Fire dances across the human timeline, from the earliest hearths to last New Year’s fireworks. But in the eyes of some AI systems, the flames of celebration cannot be distinguished from the fires of oppression, a dancing ember is a dancing ember, pixel by pixel, data point by data point. This flattening of nuance is at the heart of Not All Sparks Are Equal, a new video mapping installation that explores how technological perception often strips away the vital context that gives human experience its meaning.
In Catalonia, fire has two dramatically different public faces. On one side stands the correfoc, a beloved tradition dating back to medieval times where dancers dressed as devils carry spinning, sparking fireworks through crowded streets. These “fire-runs” represent a collective reclamation of public space through joyful cultural celebration, embodying community strength and Catalan identity. On the other side, stand police charges against protesters, where tear gas canisters, flash grenades, and rubber bullets transform public squares into zones of state-enforced order that tend to end up with garbage containers in flames. Here, fire becomes not a symbol of communal joy but a tool of control and suppression, and in the last 5 years Catalonia has seen a lot of examples of this use of force from the government.
Through this project, we’re exploring how algorithms flatten complex realities into simplistic clean-cut binary categories, safe/dangerous, orderly/chaotic, permitted/prohibited.
A correfoc dancer and a protester fleeing tear gas may generate identical heat signatures and movement patterns to an algorithm, but the gulf between these experiences could not be wider, one celebrates cultural identity while the other fights for rights. The deeper threat here isn’t just technical misclassification, it’s cultural submission disguised as protection. As correfocs once danced defiantly against Franco’s bans, we must now refuse their being domesticated by algorithms. This time, it is not against laws that one has to resist, but against software – silent flags of permission formulated in the bureaucratised language of safety.
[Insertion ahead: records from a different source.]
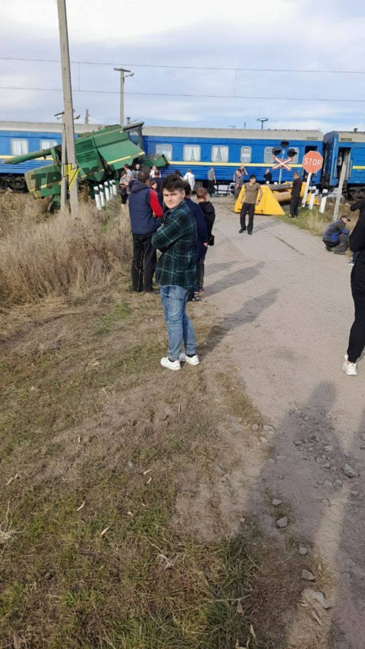 Пассажирский поезд сообщением Бахмут-Львов на железнодорожном переезде протаранил комбайн.
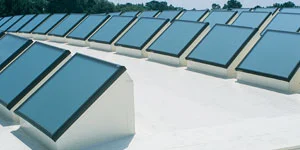 External safety screens provide OSHA fall protection for flat roof, domed commercial skylights. The screen system provides fall protection without damaging your skylight.
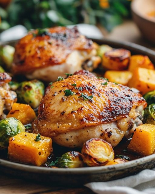 In conclusion Honey Garlic Roasted Chicken Thighs with Butternut Squash & Brussels Sprouts is a flavorful well-balanced dish that brings together savory sweet and garlicky goodness in one pan, The crispy juicy chicken pairs perfectly with the caramelized butternut squash and Brussels sprouts creating a comforting yet wholesome meal. This easy-to-make dish is perfect for weeknight dinners or special gatherings offering a delicious combination of textures and flavors. Serve it with a side of rice quinoa or crusty bread for a complete and satisfying meal. Enjoy!
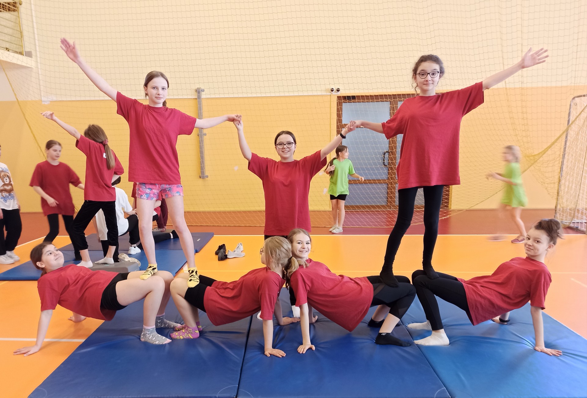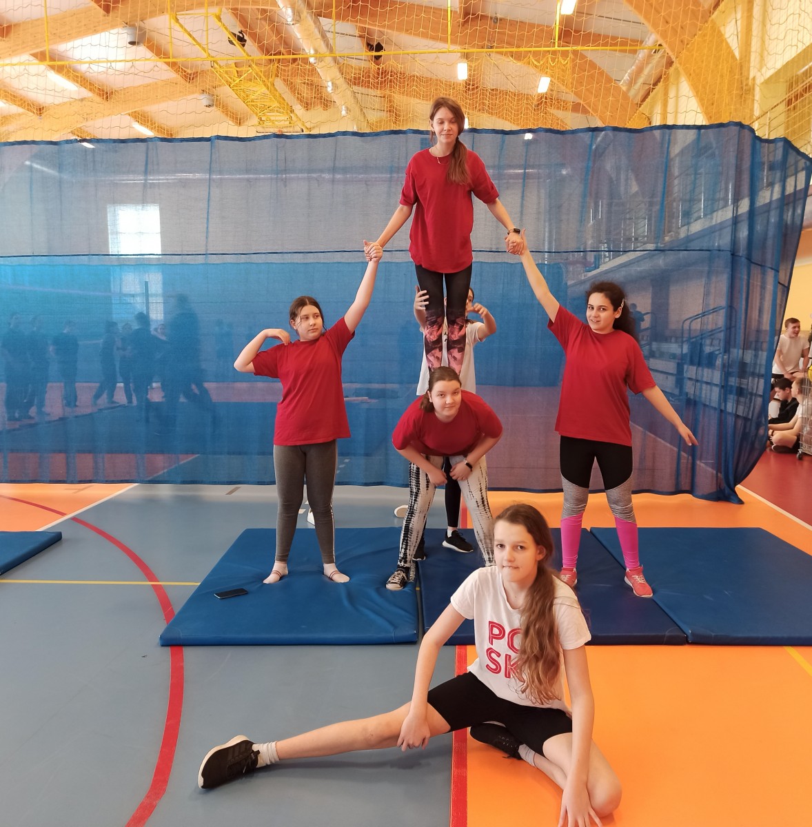 Z tej okazji na lekcjach wychowania fizycznego dziewczęta z klasy 6a i 6b ćwiczyły piramidy gimnastyczne wzorując się na najlepszych!
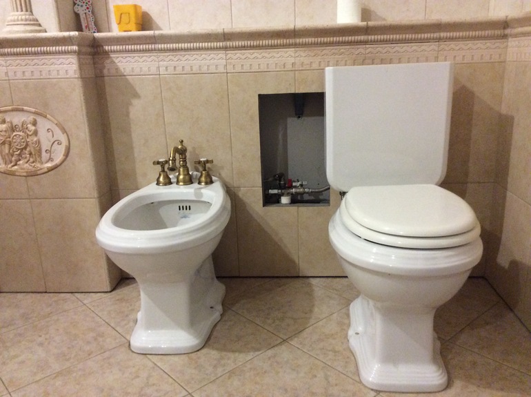 Имеем справа от входа унитаз, биде, далее угловая ванна, ну и слева от входа раковина с большим столом (2,10 см.) и зеркало (1,2*1,2) ( душевая не влезла).
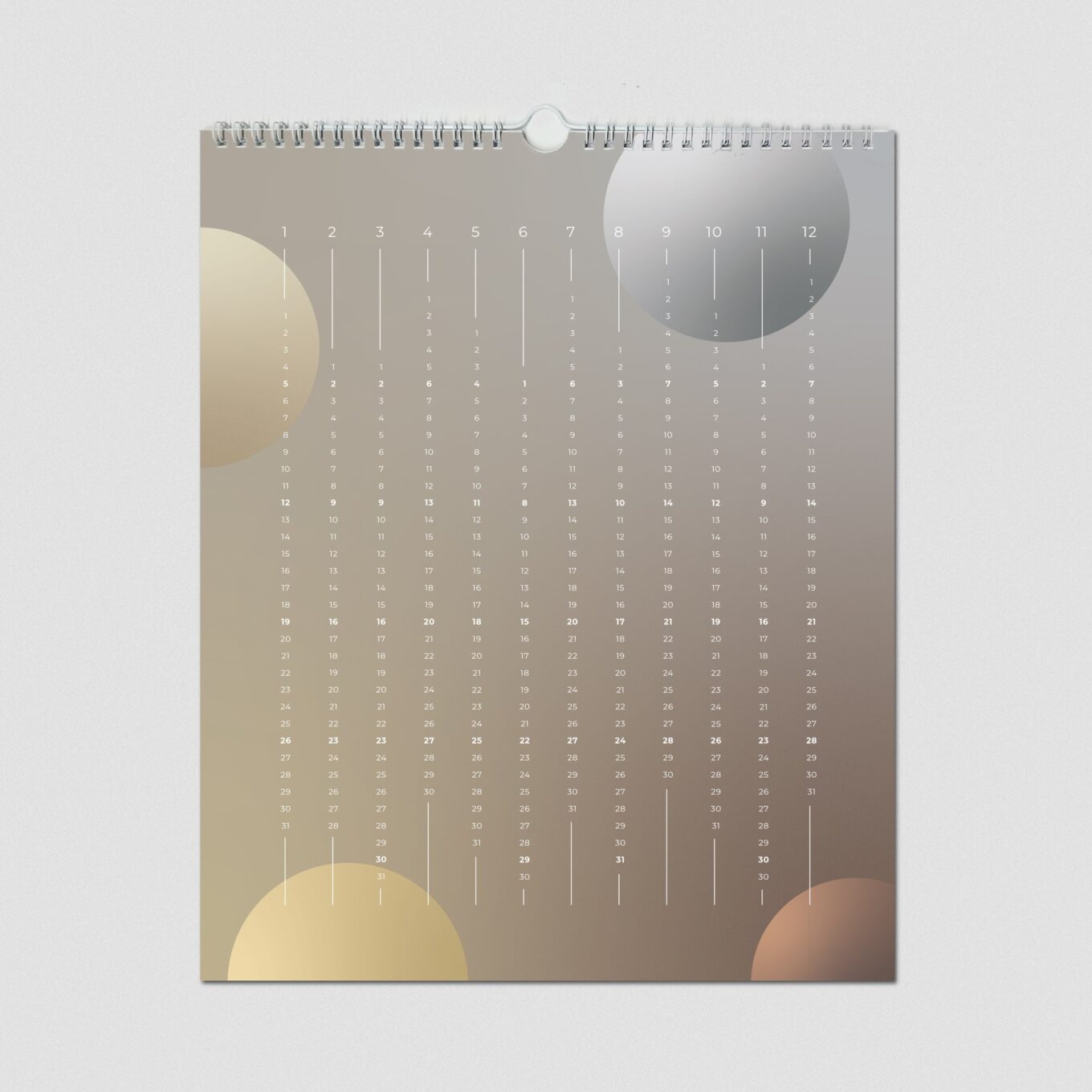 На обкладинці календаря та в символічних формах передані ідеї баугаузу, які втілені в архітектурі кварталу. Крім того, відтворені колористичні рішення архітектури Малого Ґалаґова.
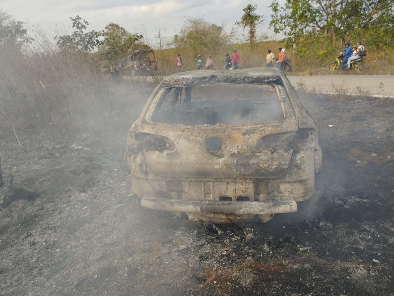 Tras sufrir un accidente, un auto terminó completamente calcinado a la orilla de la carretera Tizimín-Río Lagartos, por lo que al sitio arribaron policías estatales y bomberos para los trabajos correspondientes; sin embargo, no se encontró a nadie que reclamara dicho vehículo, por lo que quedo a disposición de la Guardia Nacional.
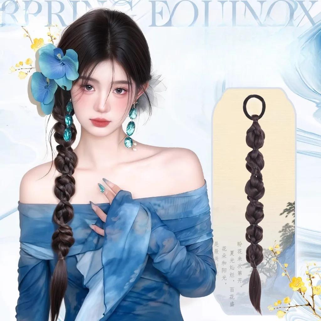 70cm Chinese Style Synthetic Braided Ponytail Wig Women Long Double Twisted Boxing Braids Hair Extension — koupit online v obchodě na marketplace Joom

To modern surveillance algorithms, profoundly different scenarios register as identical: chaotic crowds, heat signatures, unpredictable movements, and bright flashes against the night. The algorithm, blind to context, sees only potential disruption – a threat to be managed. This algorithmic blindness isn’t accidental but structural. Developed within Silicon Valley’s monocultural framework and trained on Western datasets, these systems impose a binary worldview that sees order and chaos as opposing forces rather than interconnected elements of social expression. Trained on datasets that prioritise simple perspectives and binary categorisations, they may work well on targeting factory optimisation but terribly at grasping these nuances. The projection installation highlights this by simulating algorithmic readings over authentic footage: “ERROR: 98% match — Riot detected (confidence: 0.92)” flashes over scenes of correfoc participants, while identical confidence scores appear over footage of police charges.